Your instructions: Images are to be skipped; everything else in the records must be repeated exactly.

Supplied information:

+-------+

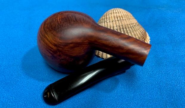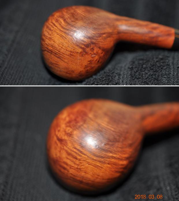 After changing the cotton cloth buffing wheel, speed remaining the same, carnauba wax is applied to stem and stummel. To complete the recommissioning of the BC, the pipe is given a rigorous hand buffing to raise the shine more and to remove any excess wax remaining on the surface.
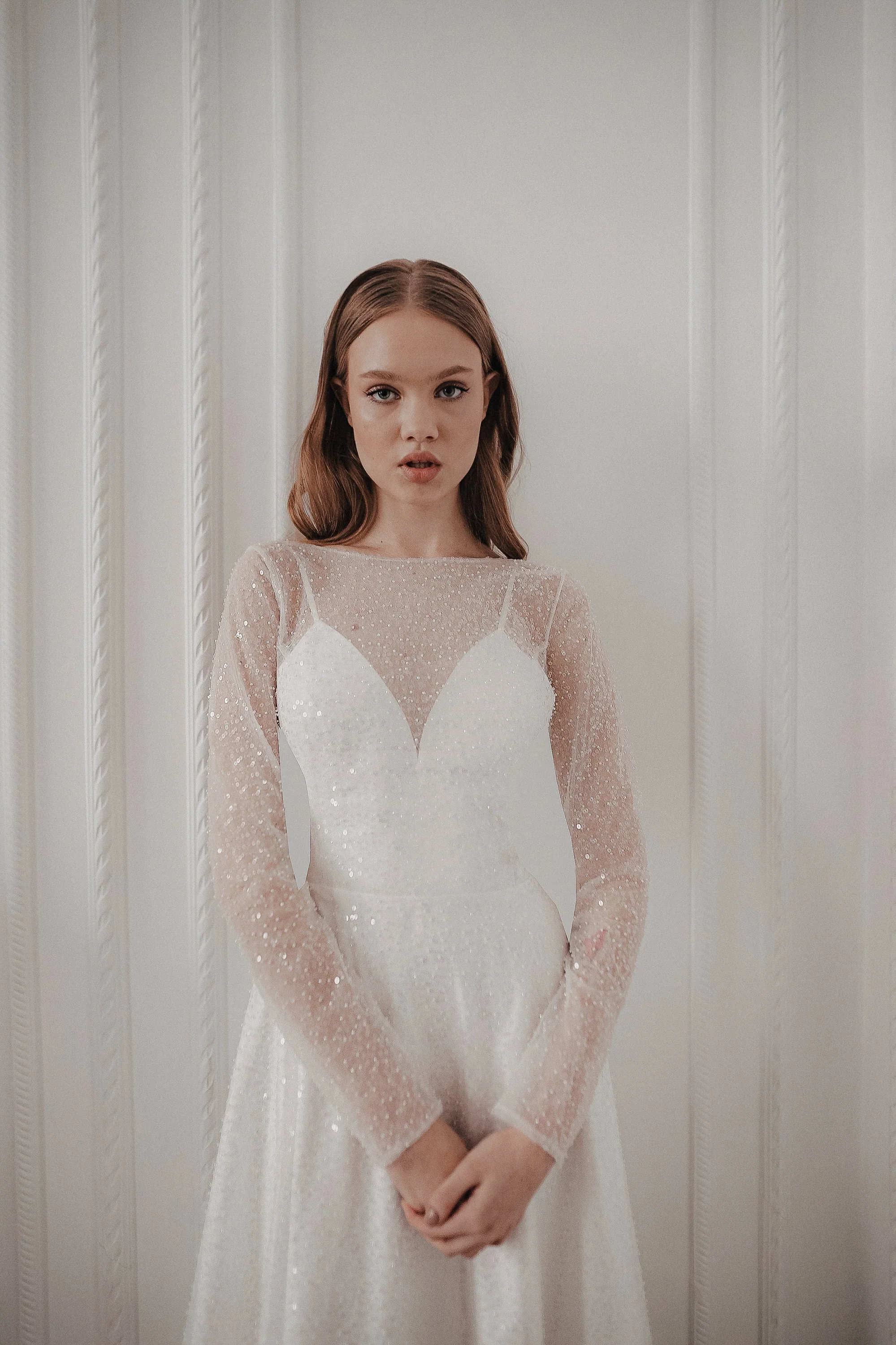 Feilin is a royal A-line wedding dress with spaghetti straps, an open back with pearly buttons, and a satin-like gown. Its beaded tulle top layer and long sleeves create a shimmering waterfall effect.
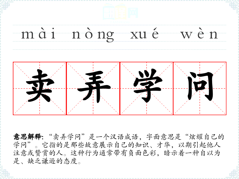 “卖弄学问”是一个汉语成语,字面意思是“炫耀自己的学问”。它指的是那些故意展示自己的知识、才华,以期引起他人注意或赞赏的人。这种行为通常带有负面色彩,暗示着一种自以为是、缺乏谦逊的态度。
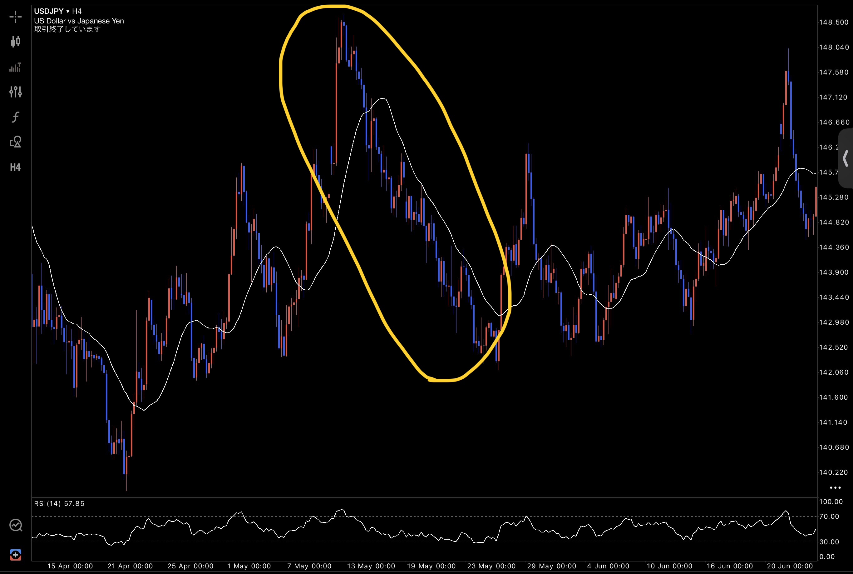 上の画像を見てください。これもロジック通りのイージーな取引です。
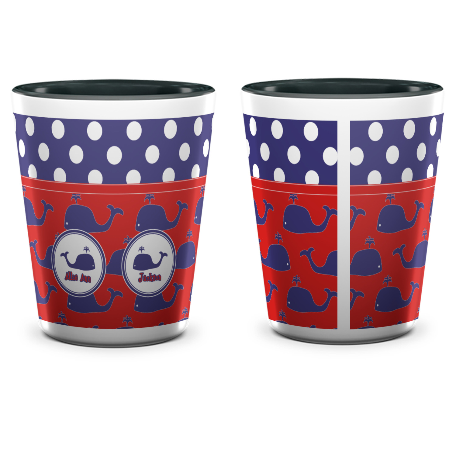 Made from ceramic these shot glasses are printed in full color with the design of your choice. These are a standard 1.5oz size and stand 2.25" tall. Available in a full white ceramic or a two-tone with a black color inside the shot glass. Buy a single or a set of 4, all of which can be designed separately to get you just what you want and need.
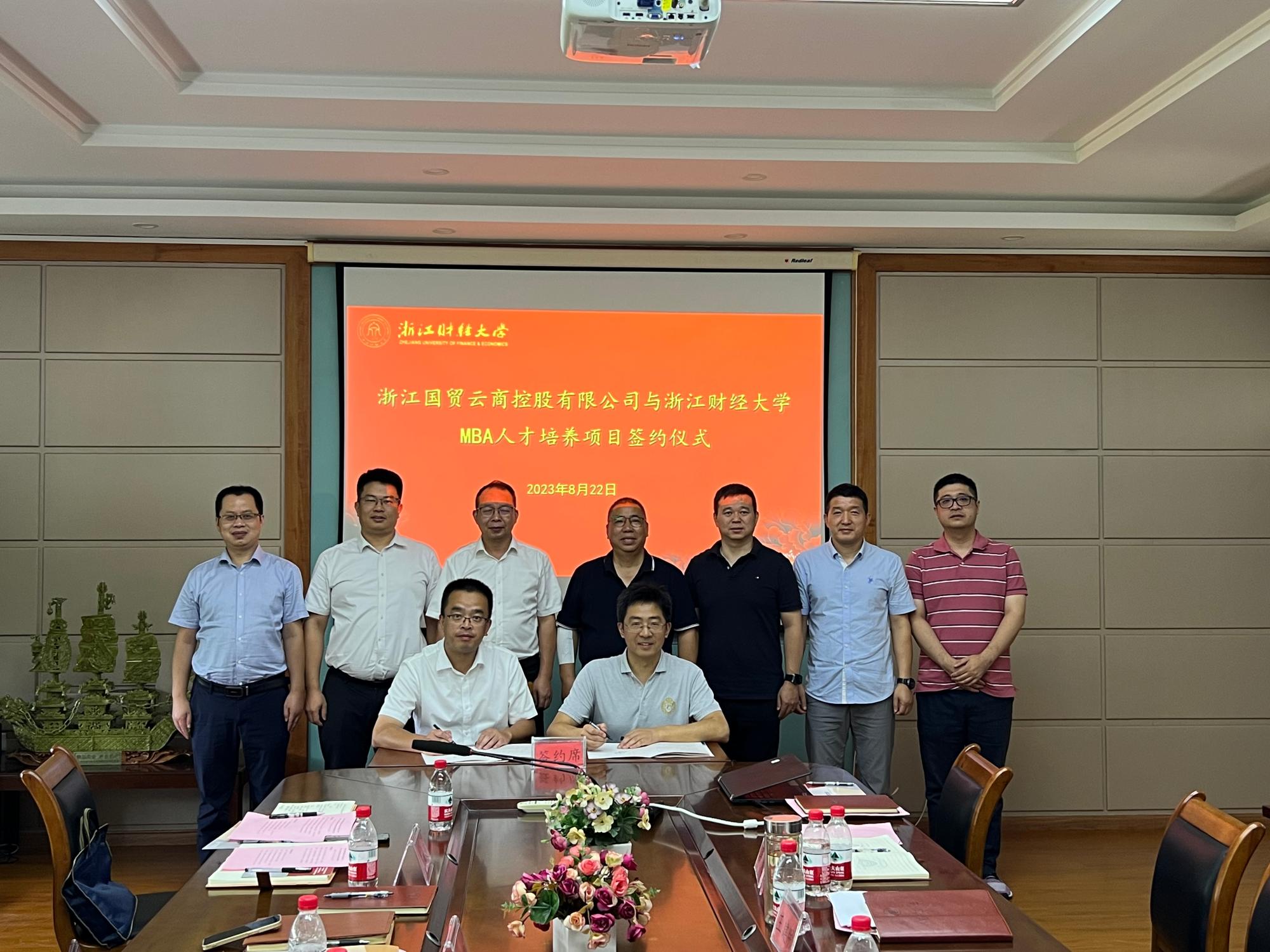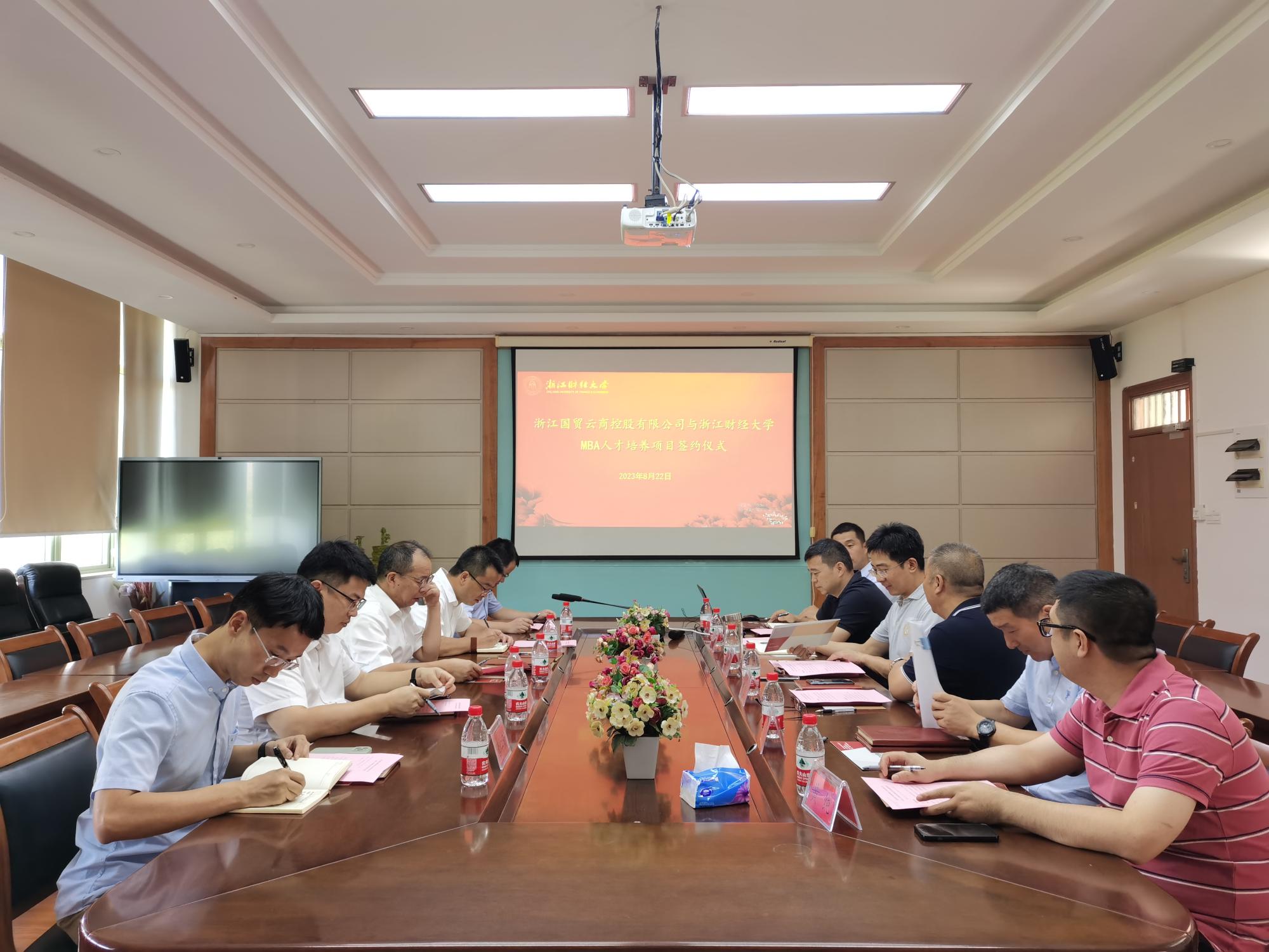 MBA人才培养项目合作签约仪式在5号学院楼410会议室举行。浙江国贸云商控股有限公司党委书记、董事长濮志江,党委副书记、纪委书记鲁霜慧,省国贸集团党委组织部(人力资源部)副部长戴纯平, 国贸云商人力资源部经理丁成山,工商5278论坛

+-------+

Task result:
 After changing the cotton cloth buffing wheel, speed remaining the same, carnauba wax is applied to stem and stummel. To complete the recommissioning of the BC, the pipe is given a rigorous hand buffing to raise the shine more and to remove any excess wax remaining on the surface.
 Feilin is a royal A-line wedding dress with spaghetti straps, an open back with pearly buttons, and a satin-like gown. Its beaded tulle top layer and long sleeves create a shimmering waterfall effect.
 “卖弄学问”是一个汉语成语,字面意思是“炫耀自己的学问”。它指的是那些故意展示自己的知识、才华,以期引起他人注意或赞赏的人。这种行为通常带有负面色彩,暗示着一种自以为是、缺乏谦逊的态度。
 上の画像を見てください。これもロジック通りのイージーな取引です。
 Made from ceramic these shot glasses are printed in full color with the design of your choice. These are a standard 1.5oz size and stand 2.25" tall. Available in a full white ceramic or a two-tone with a black color inside the shot glass. Buy a single or a set of 4, all of which can be designed separately to get you just what you want and need.
 MBA人才培养项目合作签约仪式在5号学院楼410会议室举行。浙江国贸云商控股有限公司党委书记、董事长濮志江,党委副书记、纪委书记鲁霜慧,省国贸集团党委组织部(人力资源部)副部长戴纯平, 国贸云商人力资源部经理丁成山,工商5278论坛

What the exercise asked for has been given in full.